在步骤314,来自参考数据库20的第一特征信号被施加到电极上。 At step 314, a first characteristic signal from the reference database 20 is applied to the electrodes. 在一些实施例中,特征波形相应于已知的葡萄糖水平。 In some embodiments, a characteristic waveform corresponding to a known glucose level. 在步骤316,接着在时域进行电阻的一系列测量,其产生了第一数据组。 In step 316, followed by a series of resistance measurements in the time domain, which generates a first data set. 第一数据组可以由图4a所示的曲线图上的曲线402表示。 The first data set may be represented by curve 402 in the graph shown in FIG. 4a. 在图4a中,纵轴表示响应或测量的阻抗。 In Figure 4a, the vertical axis represents the impedance or measured response. 横轴表示时间。 The horizontal axis represents time. 因此,曲线402表示由于施加特征信号产生的随着时间推移的阻抗响应,其中特征信号在时间为0时被施加。 Thus, due to the application characteristic curve 402 represents signals generated over time impedance response, wherein the characteristic signal is applied as at time 0. 换句话说,曲线上的每个点表示从施加特征信号开始的在特定时间测量的阻抗值。 In other words, each point on the curve represents the impedance values ​​measured at a specific time from the start of the signature signal is applied.

返回到图3,在步骤318,接着如参考图1c所述,可以清除电极上的残余电压。 Returning to Figure 3, in step 318, then as described with reference to FIG 1C, can remove the residual voltage on the electrode. 在步骤320,再次通过电极施加特征信号。 In step 320, the signature signal is applied again through the electrodes. 这是与在步骤314施加的信号相同的信号。 This signal is applied at step 314 the same signal. 在步骤322,在时域进行另一系列的电阻抗测量,这产生第二数据组。 In step 322, a further series of electrical impedance measurements in the time domain, which generates a second data set. 第二数据组可以由图4b所示的曲线图中的曲线404表示。 The second data set may be represented by a graph 404 in the graph shown in Figure 4b. 在某些实施例中,如果没有满足预定义的指标,例如测量质量指标,可以重复步骤314到322以产生额外的数据组。 In certain embodiments, if the indicator does not meet the predefined, for example, for the measurement quality, steps 314-322 may be repeated to create additional data sets.

在步骤324,数据组彼此比较以确定是否已经达到收敛。 In step 324, the data set with each other to determine whether convergence has been reached. 收敛的结果可以由图4c所示的曲线图图表地表示,图4c表示附加到曲线404上的曲线402。 Convergence result can be represented by a graph chart shown in FIG. 4c, 4c shows a graph of the curve is attached to 404,402. 如果没有达到收敛,则过程直接进行到步骤328。 If there is no convergence is reached, the process proceeds directly to step 328. 如果达到收敛,则在步骤326,在过程进行到328之前,过程将特征组(signature set)存储为候选数据组。 If convergence is reached, then at step 326, before the process proceeds to 328, wherein the process group (signature set) is stored as candidate data groups.

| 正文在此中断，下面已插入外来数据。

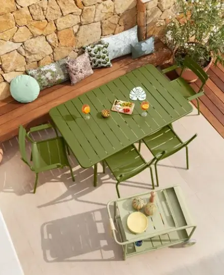 Entièrement réalisée en aluminium, cette desserte roulante résiste aux conditions extérieures, même les plus rudes, et se déplace facilement. Elle trouve évidemment particulièrement bien sa place lorsqu'elle accompagne un ensemble table et chaises Luxembourg : astucieux rappels déclinables en une multitude de couleurs.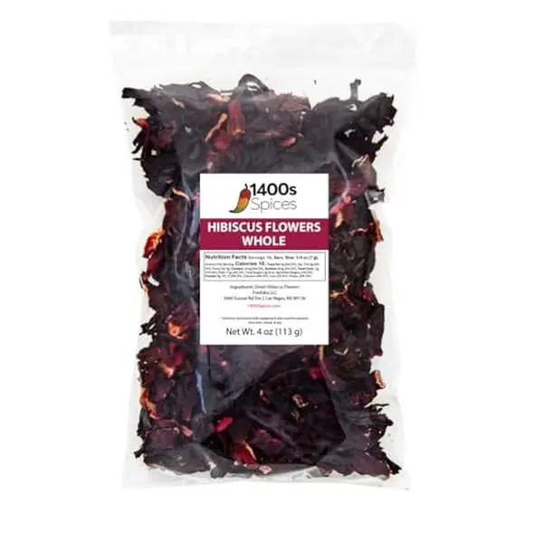 4oz Dried Hibiscus Flowers perfect for Tea and Mexican Agua Fresca, Flor de Jamaica, Sorrel Zobo Whole Flowers and Petals by 1400s Spices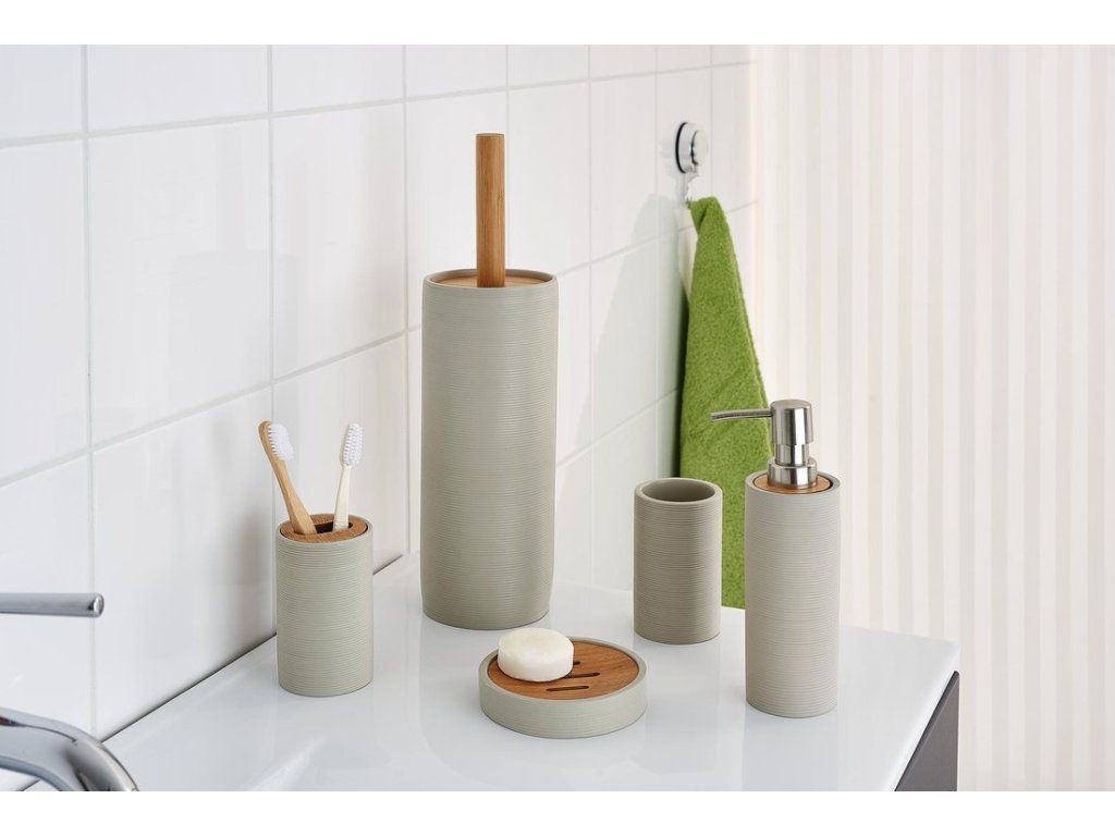 Jednoduché zdobení jemnými vodorovnými drážkami, kombinace s bambusem a tlumené zemité barvy si přímo říkají o umístění doplňků ROLLER do koupelny zařízené v přírodním stylu.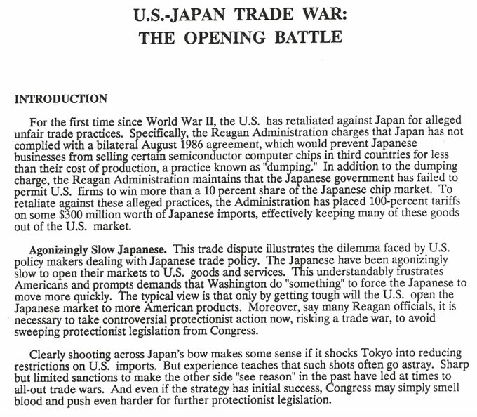 En 1987, Washington se empeñó aún más en quebrar la base manufacturera de Japón imponiendo aranceles del 100% a importaciones japonesas por valor de 300 millones de dólares, bloqueándolas de hecho del mercado estadounidense.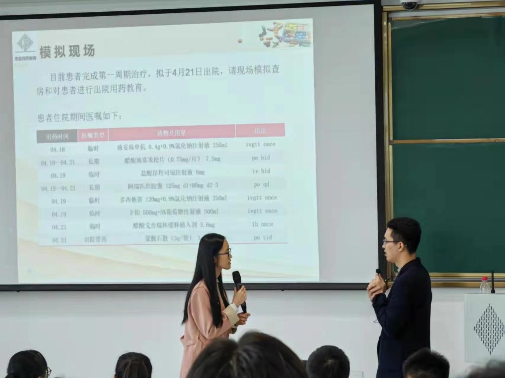 最后,魏齐铭通过角色模拟的方式,与学生现场互动,进行了一场即时模拟的患者问诊和出院用药教育,为学生“走进临床”作了很好的铺垫。
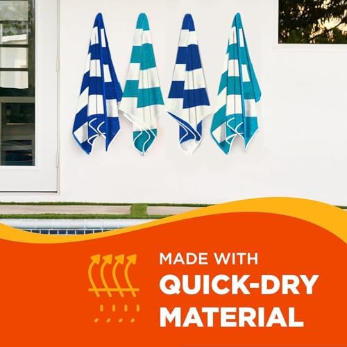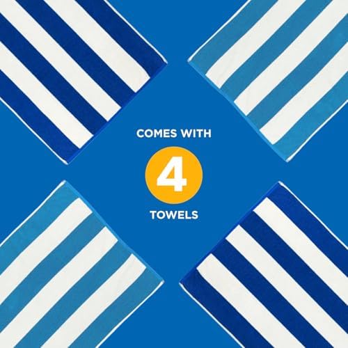 Kaufman – Large Beach Towel | 30″ x 60″ Terry Cabana Striped Beach Towels | Absorbent, Quick-Drying | 100% Cotton Thick Beach Towels (Blue/Turquoise, 4-Pack)

在步骤328,过程确定是否已经施加了数据库中的所有特征信号。 In step 328, the process determines whether the signal applied to all of the features in the database. 如果没有,则过程进行到步骤330(图3a),其中如参考图1c所述除去残余的电压。 If not, the process proceeds to step 330 (FIG. 3A), as described with reference to FIG 1c wherein said removing residual voltage. 从步骤330,过程进行到步骤332,其中建立数据库中的下一个特征信号以被施加到电极。 Proceeds from step 330 to step 332 during which the signature signal to establish a database in the next to be applied to the electrode. 接着过程返回到步骤314,这里对于新的特征信号重复步骤314到328。 The process then returns to step 314, where a new signature signal for repeating steps 314-328. 在另一方面,如果在步骤328中,确定所有的特征信号已经被施加到电极,则过程进行到步骤334。 On the other hand, if in step 328, it is determined that all the characteristic signal has been applied to the electrodes, the process proceeds to step 334.

在步骤334中,逻辑电路检查存储的候选数据组以确定存储的候选数据组中具有最大的收敛性或“最佳”候选者的组。 In step 334, the logic circuit checks data stored candidate set to determine the stored candidate data sets having the largest convergence, or "best" candidate group. 在步骤336中,使用可响应用于产生最佳候选者的频率,接着可以访问参考数据库以确定相应于信号的的物质水平。 In step 336, for generating a frequency response using the best candidate, you may then access the database to determine the reference signal corresponding to the level of material. 因此,物质水平能够被确定并被发送到用户接口。 Accordingly, the level of the substance to be determined and transmitted to the user interface. 过程在步骤338结束。 In step 338 the process ends.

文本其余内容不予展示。